Что же объединяло их всех с американскими коллегами? Ответ кроется в названии самого события: «взаимосвязь языка, сознания и общества». «Поэтическая функция» языка, по Р. Якобсону, роднила всех с наследием русского авангарда. Но проблематика более соответствовала интеллектуальному ландшафту 1980-х. Не случайно Драгомощенко решил позвать к участию еще и ряд видных советских лингвистов: Вяч. Вс. Иванова, Д. Спивака, М. Шапира, С. Золяна и некоторых других. В эти годы проблема сознания начинала выходить в авангард научных штудий; в науке о языке зарождались когнитивный подход, концептология, лингвистика измененных состояний сознания, теория метафоры. Так что взаимный интерес поэтов-концептуалистов и метареалистов и актуальной лингвистики был столь же злободневным, сколь и давно назревшим. Приглашение поэтов «языковой школы», а не каких-либо других, конечно же, было мотивировано этими сближениями.
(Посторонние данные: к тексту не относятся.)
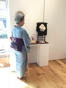 今回も何回かお着物で会場に居ましたので、その時の画像アップして見ますね。 この日のお着物は、今回の五月雨展にはぴったりの色と、柄でした。 綺麗なブルーに臙脂色で、波紋の柄が所々に織り込まれています。 多分紬なのでしょうが…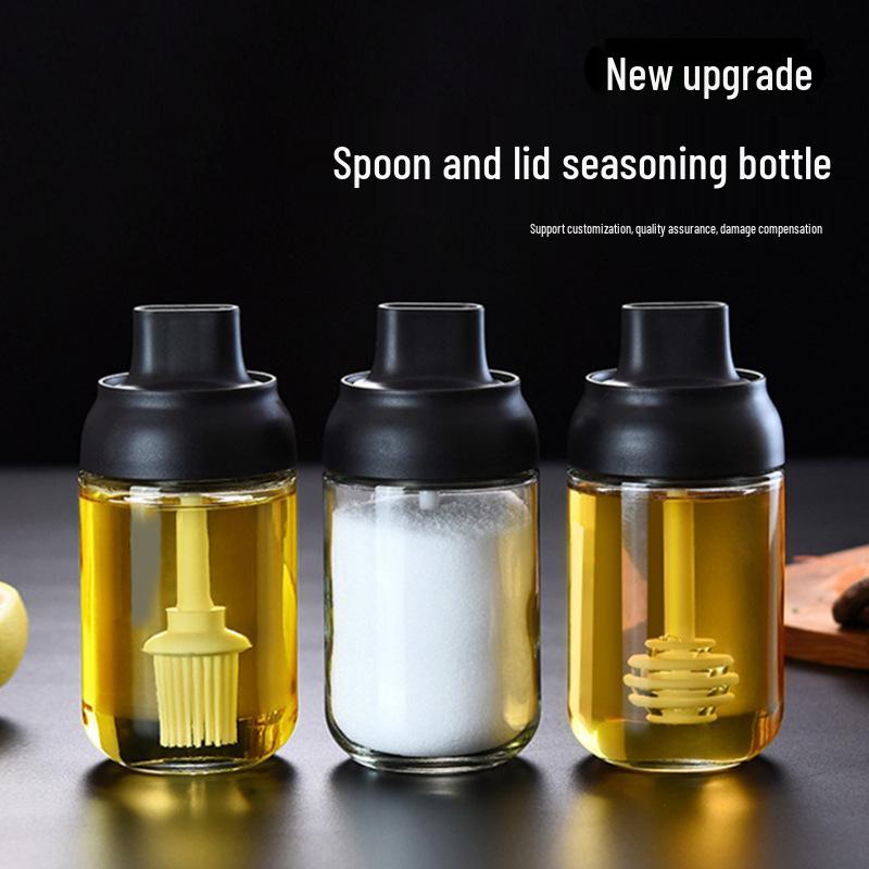 Moisture-Proof Glass Seasoning Bottle Set with Spoon Lid and Oil Brush

О том, как проходила конференция, мы можем узнать из рассказа американских гостей-поэтов в книге Leningrad, выпущенной в Америке по следам поездки (а также — ретроспективно — в статье одного из них, см.: [Уоттен 2021]). Каких-либо материалов ее, увы, в общем виде издано не было, за исключением пары статей лингвистов и небольших текстов language poets в «Митином журнале». Сам факт такой русско-американской встречи поэтов уникален. Закрытые друг от друга на долгие десятилетия страны открывают друг для друга

живых носителей двух великих поэтических культур. Происходит обмен субъективностями через опыт взаимного перевода: Л. Хеджинян переводит русских метареалистов, А. Драгомощенко — американских «поэтов языка». Трансатлантический полилог делает две когда-то не сводимых друг к другу традиции переводимыми и, более того, — взаимопроницаемыми друг для друга. Когда проблема метаязыка стоит как основная творческая задача у обеих сторон, нащупываются — вослед Беньямину — межъязыковые открытия для обоих языков.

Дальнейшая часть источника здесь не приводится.